Standards: Part 13 - Exploring MPEG4-Part 10 - H.264/AVC

The H.264/AVC codec has been very successful. Here we dig deeper into how profiles and levels work to facilitate deployment of delivery systems and receiving client-player designs.

This article is part of our growing series on Broadcast Standards.
The first 26 articles are now available in Broadcast Standards – The Book.

In 2004, it was uncertain whether H.264/AVC or VC1 would become dominant. VC1 was based on a popular Microsoft Windows Media format offered to SMPTE for ratification. Eventually, H.264 did become the codec of choice for a wide variety of applications. The successors (SVC, HEVC & LCEVC) must offer significant advantages to gain similar traction.

About The Standard

The MPEG-4 Part 10 standard is very large and complex with approximately 900 pages of densely concentrated detail.

The support for profiles and levels is fundamental to successfully deploying your content using the H.264 format. There have also been some important extensions (SVC, MVC and MFC) to the original codec design. These are included as Annexes to the main body of the standard and require a high degree of focus to interpret correctly.

Section 3 briefly describes the terminology and abbreviations used throughout the standard. Understanding these makes the rest of the standard much easier to comprehend.

The notational conventions in Section 5 are relevant if you want to understand the mathematical and logical concepts described later on. These will be most useful to codec developers.

The structure of the Network Abstraction Layer packets (NAL units) is described in Section 7. The coverage of the NAL unit payload includes descriptions of how the profile and level parameters are formatted. Read this in combination with the Annexes to glean the specific values and locations for the profile_idc, profile_iop and level_idc bytes in the NAL unit.

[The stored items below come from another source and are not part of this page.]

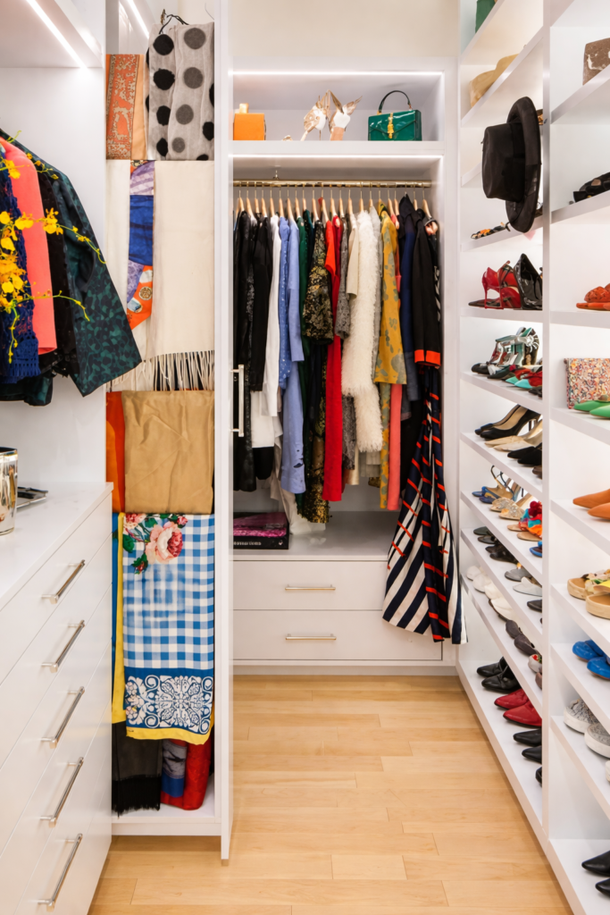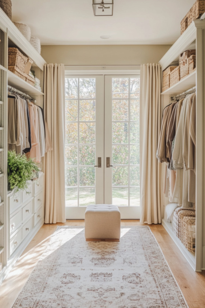 Keep shelving and hanging rods mirrored on both sides to maintain symmetry. Natural daylight does the heavy lifting here.
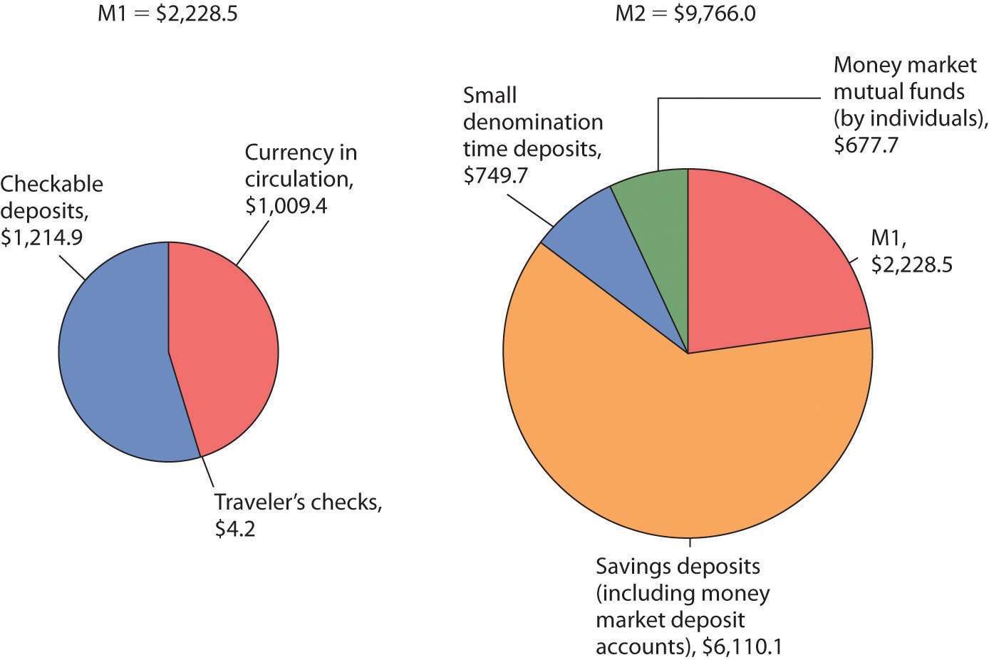 M1The narrowest of the Fed’s money supply definitions that includes currency in circulation, checkable deposits, and traveler’s checks. is the narrowest of the Fed’s money supply definitions. It includes currency in circulation, checkable deposits, and traveler’s checks. M2A broader measure of the money supply than M1 that includes M1 and other deposits. is a broader measure of the money supply than M1. It includes M1 and other deposits such as small savings accounts (less than $100,000), as well as accounts such as money market mutual funds (MMMFs) that place limits on the number or the amounts of the checks that can be written in a certain period.
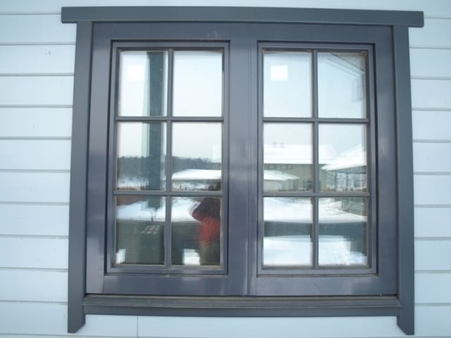 Pour la décoration d'une maison dont les murs sont gainés de bardage en vinyle, des joints standards de ferrures autour de l'ouverture de fenêtre ont été développés.
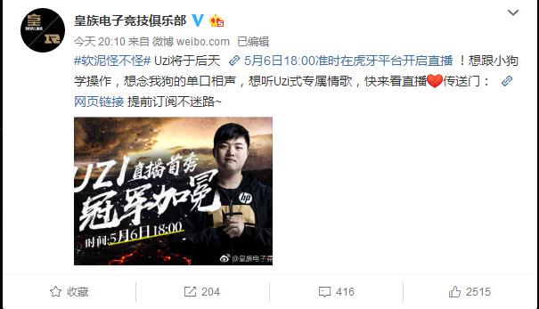 最近uzi发微博称要在五月六日虎牙直播首秀。距离上回直播也有一百来天了,这个消息对于粉丝们来说再好不过了,可是为什么rng是由熊猫直播赞助,其他rng队员也都在熊猫直播,为什么uzi会去虎牙,难道是因为签约金嘛?
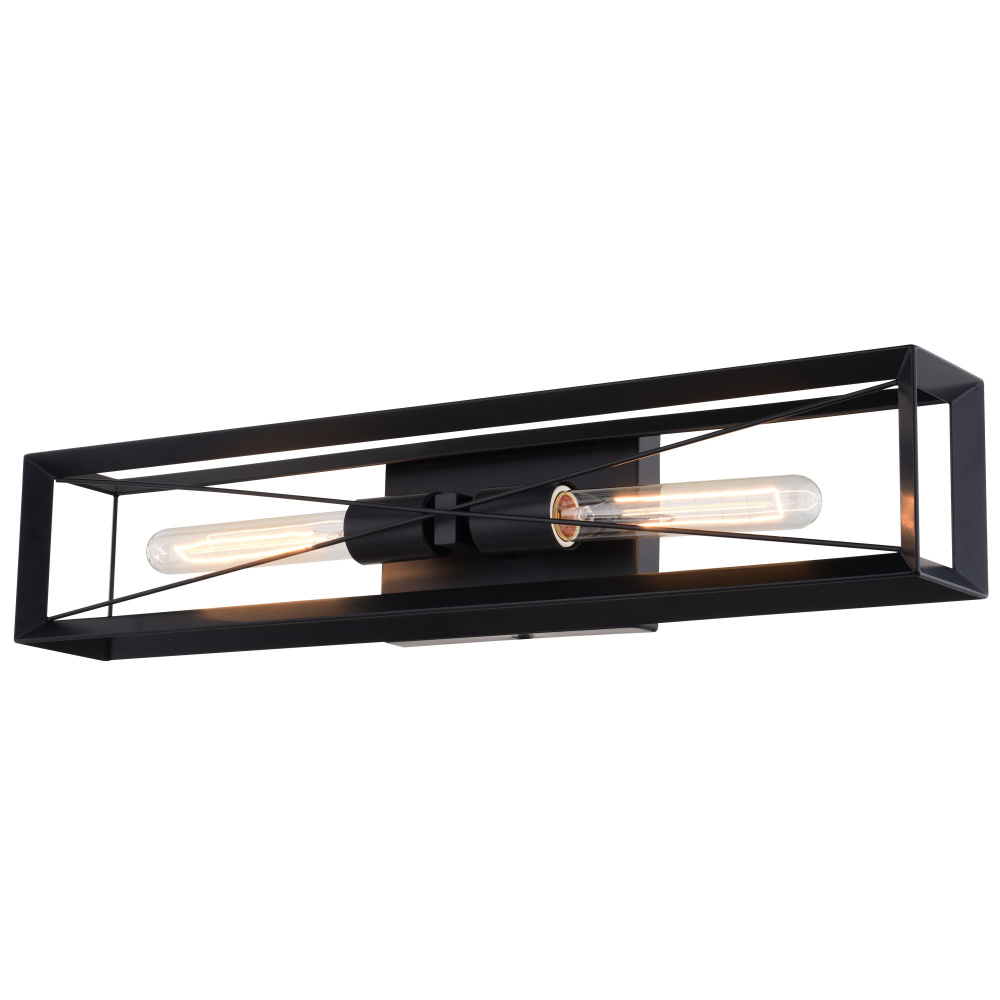 Upgrade your bathroom lighting with the stylish and functional Milton 2-Light Vanity Light. Its unique crisscross wire design adds a touch of industrial flair, while the matte black finish complements any color palette. The damp location rating ensures safe and reliable use in bathrooms and other moisture-prone areas. Enjoy the flexibility of vertical or horizontal installation to create the perfect lighting setup for your space. The Millon Vanity Light combines form and function seamlessly.
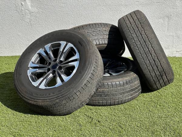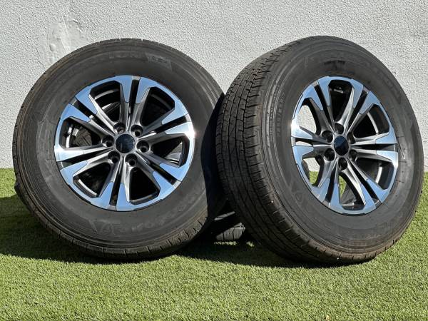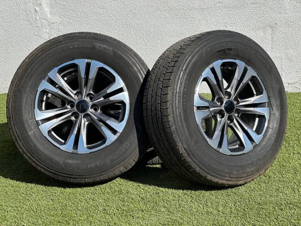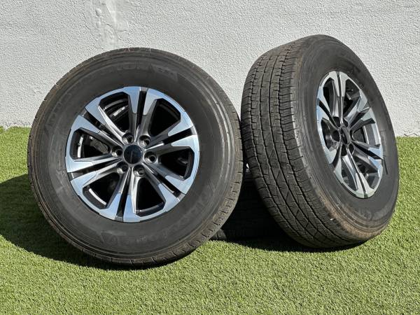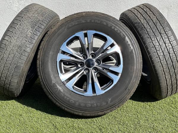 Excellent condition 17" Chevy Colorado OEM wheels in charcoal grey and polished silver factory finish, wrapped in Firestone Destination LE2 265/65R17 tires.
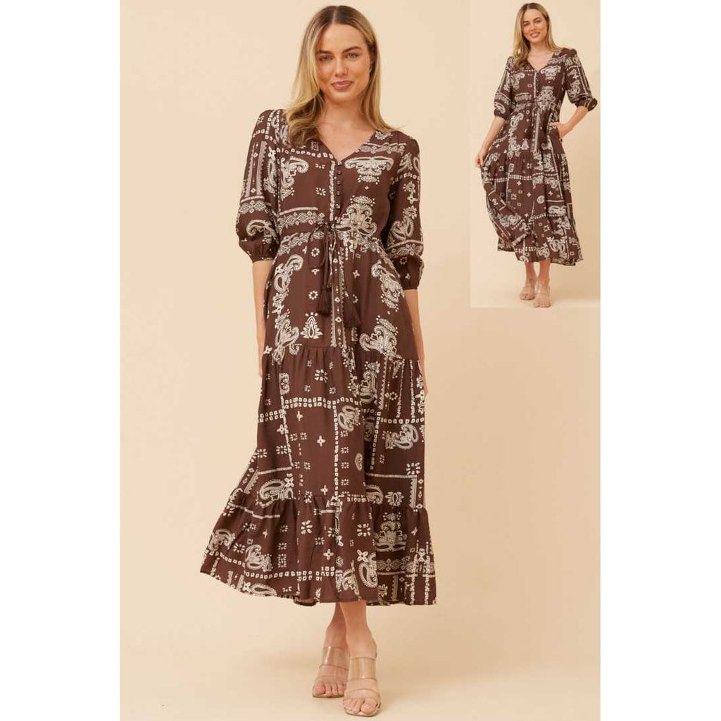 Elevate your wardrobe with this chocolate maxi dress, featuring a flattering tie waist and elegant 3/4 sleeves. Dress it up with boots for a sophisticated evening vibe, or keep it casual with sandals for daytime adventures. The perfect piece that transitions seamlessly from day to night, this versatile dress is ready for whatever your schedule throws at you.
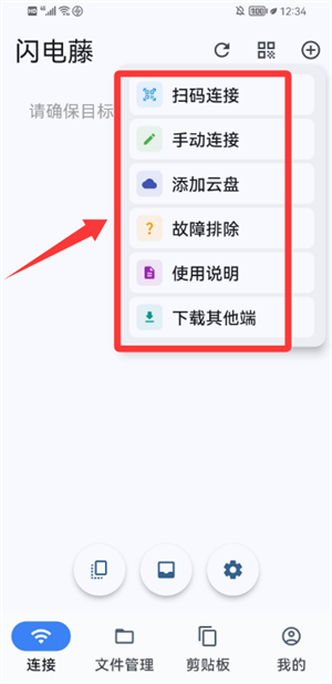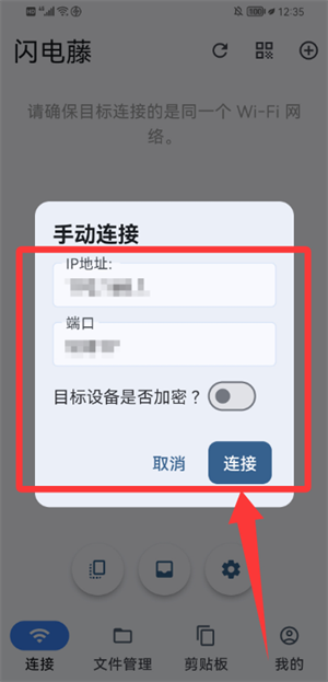 闪电藤app怎么连接,进入应用后点击右上角加号,展开菜单,在选项列表中选择手动连接功能,进入页面,输入设备的IP与端口信息,确认进行连接。

Profiles are described in Annex A for the core AVC compression standard. More profiles are introduced in Annex F which describes Scalable Video Coding (SVC). Annexes G, H and I address various multi-view coding techniques for stereoscopic and 3D viewing. The additional profiles needed to constrain them and signal the client-player are also described there.

Levels are addressed comprehensively in Sub-section A.3 of Annex A.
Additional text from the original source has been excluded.